● WORK ORDER
When the listing below reaches the line that has "This sleek and", start reproducing exactly; stop after the line that has "Analytické složení: Hrubý", and drop the pictures.

● DATASET RECORDS

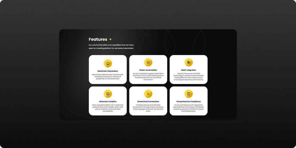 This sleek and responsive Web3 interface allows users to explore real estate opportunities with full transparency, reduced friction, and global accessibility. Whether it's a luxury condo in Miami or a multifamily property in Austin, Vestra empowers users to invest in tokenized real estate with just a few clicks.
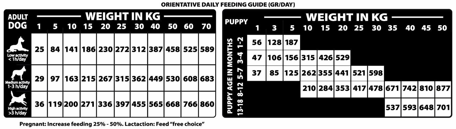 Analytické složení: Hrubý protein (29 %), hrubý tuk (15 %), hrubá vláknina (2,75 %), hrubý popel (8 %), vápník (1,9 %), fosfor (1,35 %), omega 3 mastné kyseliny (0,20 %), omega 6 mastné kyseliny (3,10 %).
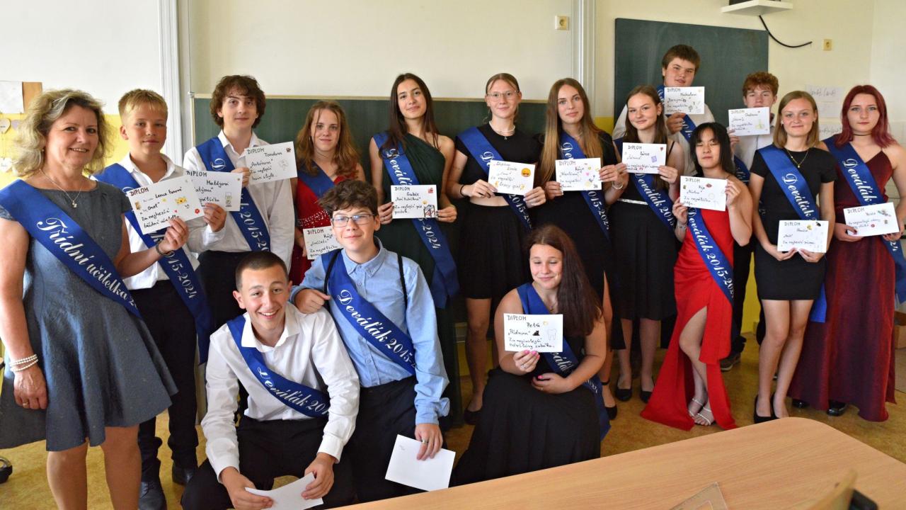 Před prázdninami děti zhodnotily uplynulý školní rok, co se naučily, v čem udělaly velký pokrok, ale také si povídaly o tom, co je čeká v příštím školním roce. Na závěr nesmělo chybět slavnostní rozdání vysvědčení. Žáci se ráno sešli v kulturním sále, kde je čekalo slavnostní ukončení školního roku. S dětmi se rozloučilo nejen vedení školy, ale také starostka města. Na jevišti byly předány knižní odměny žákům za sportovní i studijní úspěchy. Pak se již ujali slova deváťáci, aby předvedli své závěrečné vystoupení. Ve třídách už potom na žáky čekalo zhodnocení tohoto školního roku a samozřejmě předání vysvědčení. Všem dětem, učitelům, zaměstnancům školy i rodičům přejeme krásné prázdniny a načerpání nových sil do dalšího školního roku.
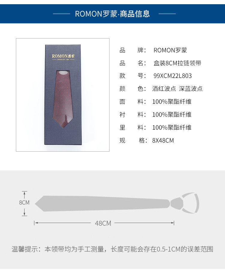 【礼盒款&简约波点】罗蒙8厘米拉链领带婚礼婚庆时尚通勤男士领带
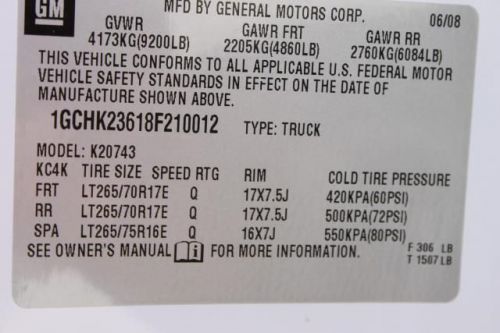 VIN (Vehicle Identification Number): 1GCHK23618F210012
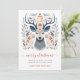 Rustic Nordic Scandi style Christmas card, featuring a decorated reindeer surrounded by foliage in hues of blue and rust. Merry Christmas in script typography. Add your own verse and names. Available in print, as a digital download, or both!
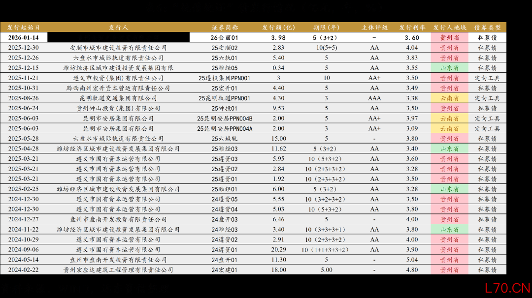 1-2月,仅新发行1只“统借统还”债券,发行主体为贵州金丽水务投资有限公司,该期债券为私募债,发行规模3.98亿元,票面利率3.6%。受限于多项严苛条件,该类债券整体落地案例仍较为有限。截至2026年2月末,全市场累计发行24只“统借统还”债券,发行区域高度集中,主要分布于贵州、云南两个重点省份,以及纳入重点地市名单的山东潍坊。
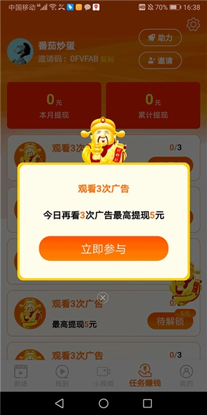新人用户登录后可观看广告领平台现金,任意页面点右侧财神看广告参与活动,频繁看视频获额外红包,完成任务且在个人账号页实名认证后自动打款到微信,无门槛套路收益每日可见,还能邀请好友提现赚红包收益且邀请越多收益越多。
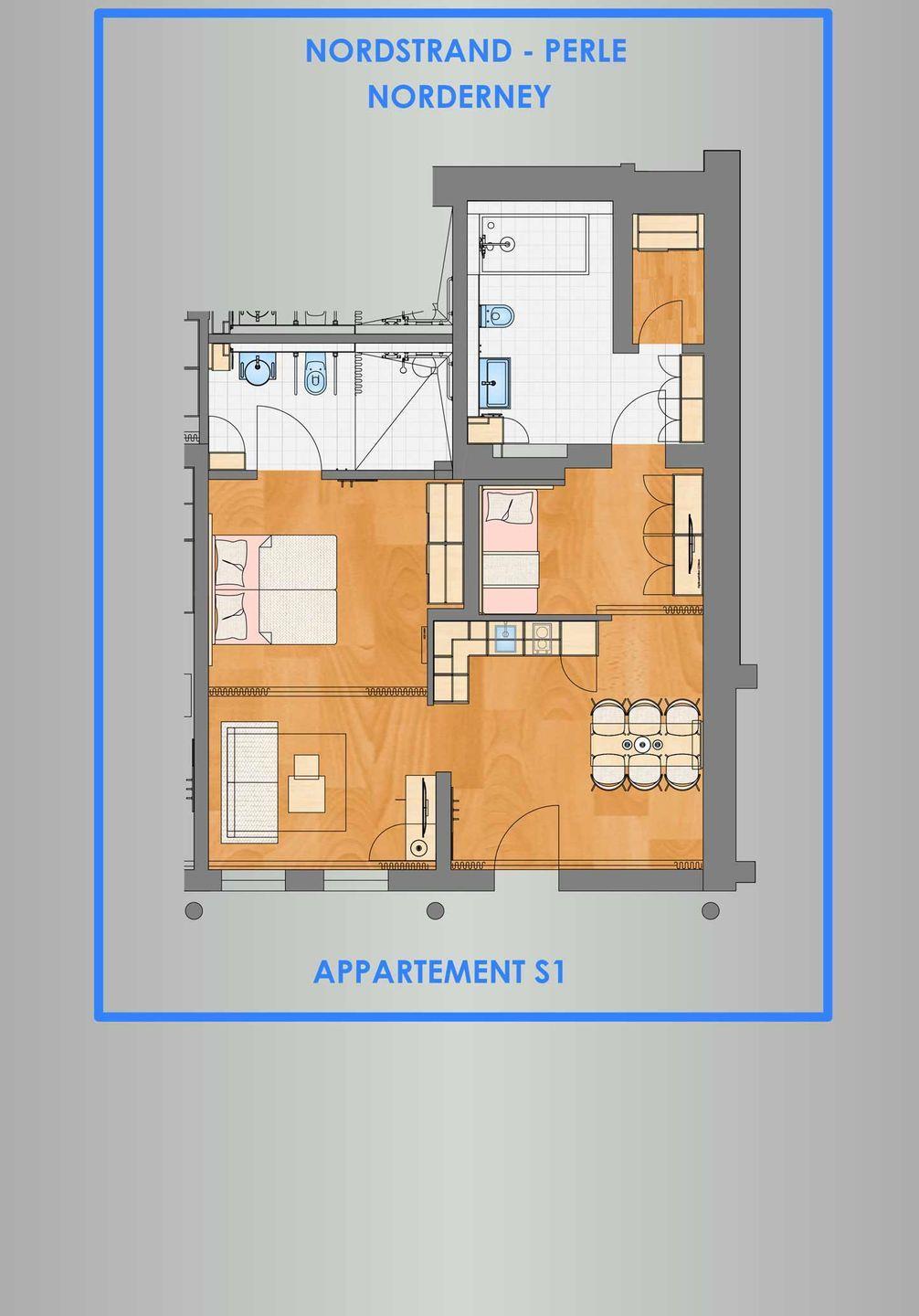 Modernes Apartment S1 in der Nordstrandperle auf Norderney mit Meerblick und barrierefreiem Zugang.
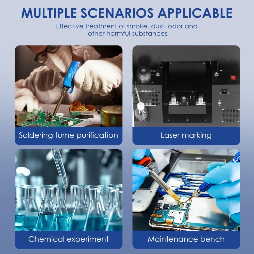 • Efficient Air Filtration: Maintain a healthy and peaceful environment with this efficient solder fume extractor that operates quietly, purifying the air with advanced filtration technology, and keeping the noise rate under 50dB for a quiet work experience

==

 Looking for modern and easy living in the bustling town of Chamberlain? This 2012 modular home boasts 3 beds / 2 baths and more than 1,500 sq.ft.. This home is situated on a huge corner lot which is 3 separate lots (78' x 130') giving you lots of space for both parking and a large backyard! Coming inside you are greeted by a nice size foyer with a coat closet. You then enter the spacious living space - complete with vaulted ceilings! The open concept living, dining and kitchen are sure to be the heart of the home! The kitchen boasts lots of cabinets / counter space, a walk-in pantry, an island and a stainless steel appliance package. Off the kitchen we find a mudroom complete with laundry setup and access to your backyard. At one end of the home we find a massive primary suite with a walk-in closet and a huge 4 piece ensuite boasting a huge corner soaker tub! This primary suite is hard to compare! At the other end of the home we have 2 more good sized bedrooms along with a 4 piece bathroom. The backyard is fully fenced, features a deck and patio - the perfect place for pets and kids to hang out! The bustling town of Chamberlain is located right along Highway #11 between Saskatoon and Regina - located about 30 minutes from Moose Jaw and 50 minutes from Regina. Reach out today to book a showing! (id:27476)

● EXERCISE RESPONSE
 This sleek and responsive Web3 interface allows users to explore real estate opportunities with full transparency, reduced friction, and global accessibility. Whether it's a luxury condo in Miami or a multifamily property in Austin, Vestra empowers users to invest in tokenized real estate with just a few clicks.
 Analytické složení: Hrubý protein (29 %), hrubý tuk (15 %), hrubá vláknina (2,75 %), hrubý popel (8 %), vápník (1,9 %), fosfor (1,35 %), omega 3 mastné kyseliny (0,20 %), omega 6 mastné kyseliny (3,10 %).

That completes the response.